** Data for this task follows **

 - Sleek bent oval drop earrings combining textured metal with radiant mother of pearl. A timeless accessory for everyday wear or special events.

** End of Data for this task **
** Data for this task follows **

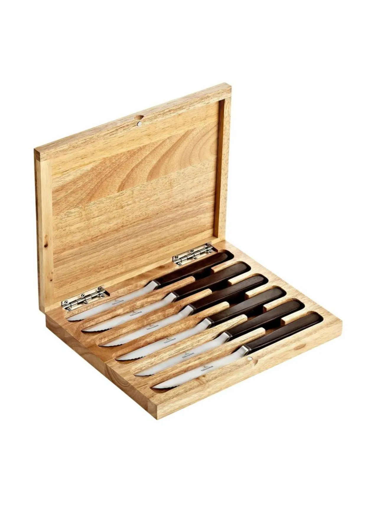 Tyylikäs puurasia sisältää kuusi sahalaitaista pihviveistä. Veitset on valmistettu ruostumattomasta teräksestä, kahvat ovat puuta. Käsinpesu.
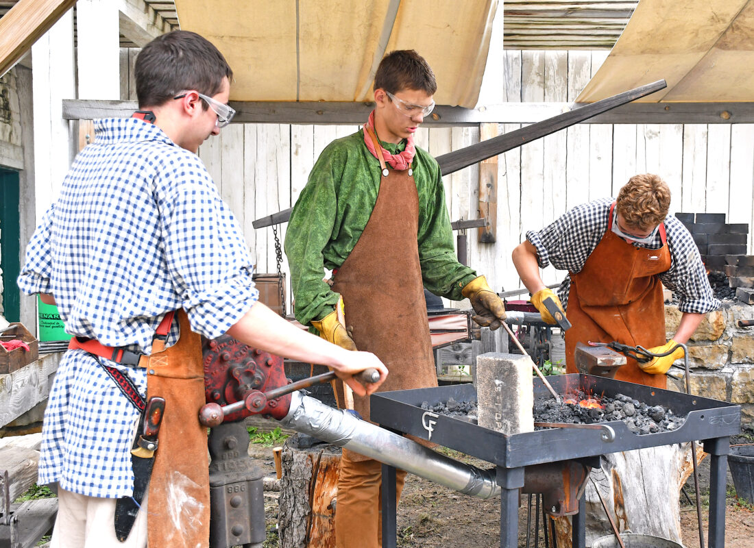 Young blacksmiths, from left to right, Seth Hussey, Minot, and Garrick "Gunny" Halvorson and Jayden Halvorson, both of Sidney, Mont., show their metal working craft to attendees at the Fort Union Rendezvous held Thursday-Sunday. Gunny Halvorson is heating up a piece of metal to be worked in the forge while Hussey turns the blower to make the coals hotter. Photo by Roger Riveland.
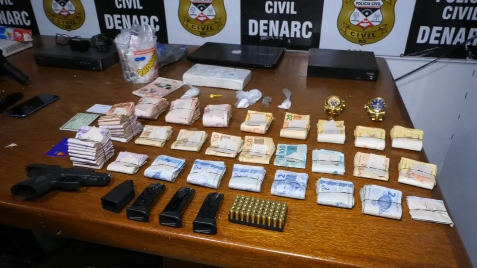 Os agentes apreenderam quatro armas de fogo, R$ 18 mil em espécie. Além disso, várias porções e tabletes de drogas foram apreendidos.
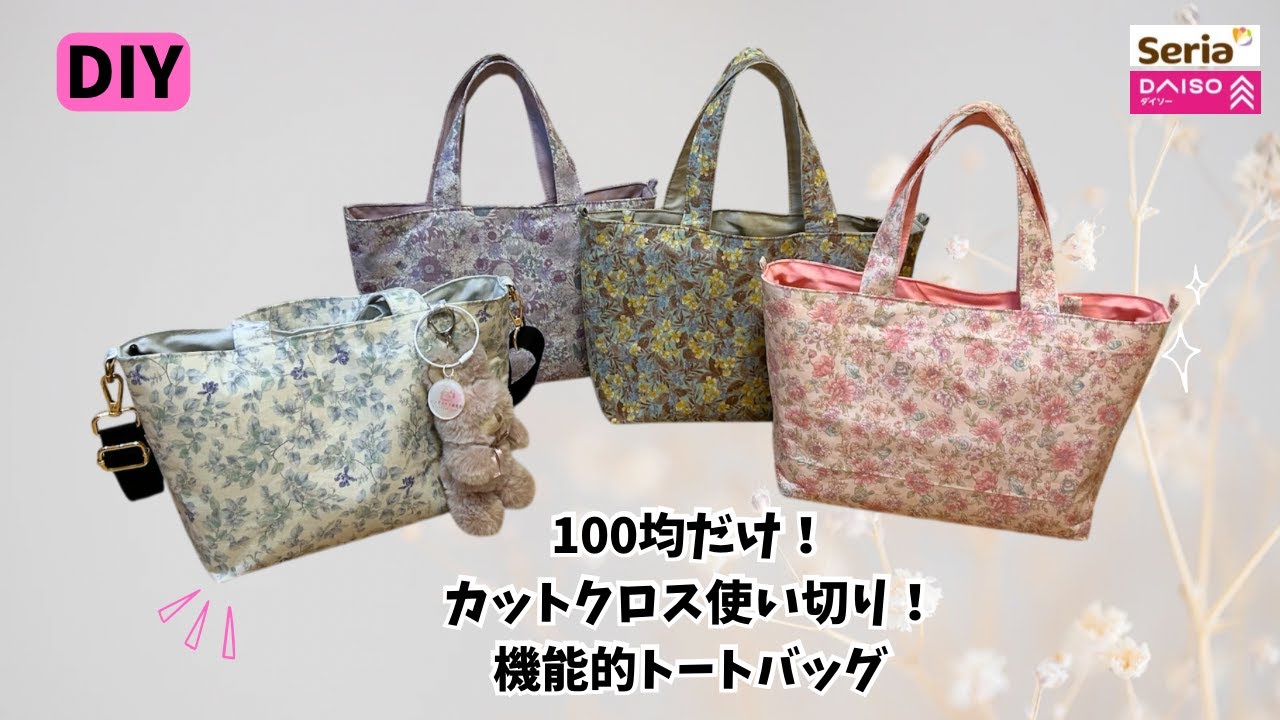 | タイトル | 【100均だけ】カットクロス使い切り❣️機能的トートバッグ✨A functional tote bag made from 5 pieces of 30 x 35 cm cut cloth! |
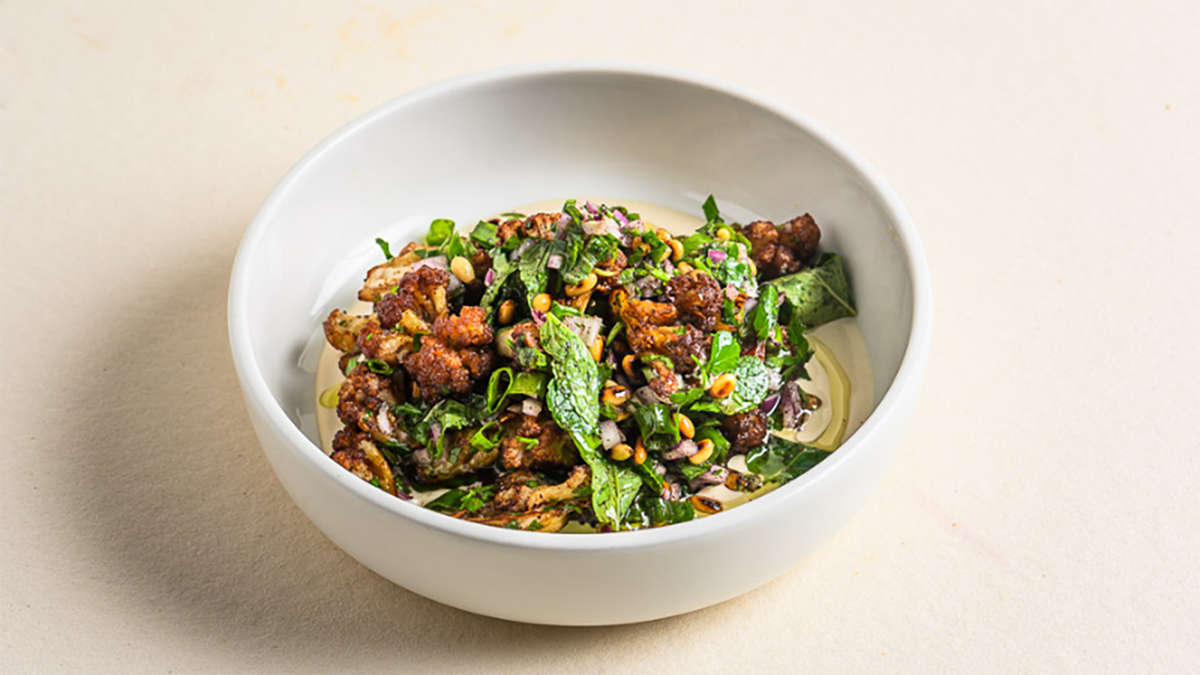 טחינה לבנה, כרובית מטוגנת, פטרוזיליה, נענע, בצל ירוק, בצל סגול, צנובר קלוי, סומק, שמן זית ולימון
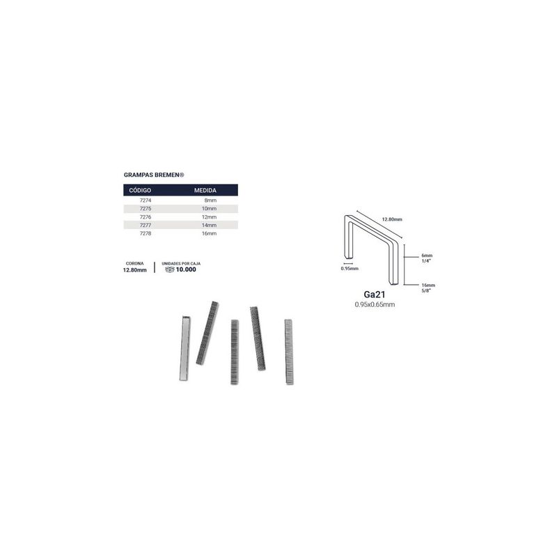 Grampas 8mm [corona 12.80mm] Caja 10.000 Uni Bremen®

** End of Data for this task **

Exercise details:
Repeat exactly the lines above, from the line that contains "Os agentes apreenderam" down through the line that contains "Grampas 8mm [corona". Include both of those lines and none of the pictures.

Expected answer:
 Os agentes apreenderam quatro armas de fogo, R$ 18 mil em espécie. Além disso, várias porções e tabletes de drogas foram apreendidos.
 | タイトル | 【100均だけ】カットクロス使い切り❣️機能的トートバッグ✨A functional tote bag made from 5 pieces of 30 x 35 cm cut cloth! |
 טחינה לבנה, כרובית מטוגנת, פטרוזיליה, נענע, בצל ירוק, בצל סגול, צנובר קלוי, סומק, שמן זית ולימון
 Grampas 8mm [corona 12.80mm] Caja 10.000 Uni Bremen®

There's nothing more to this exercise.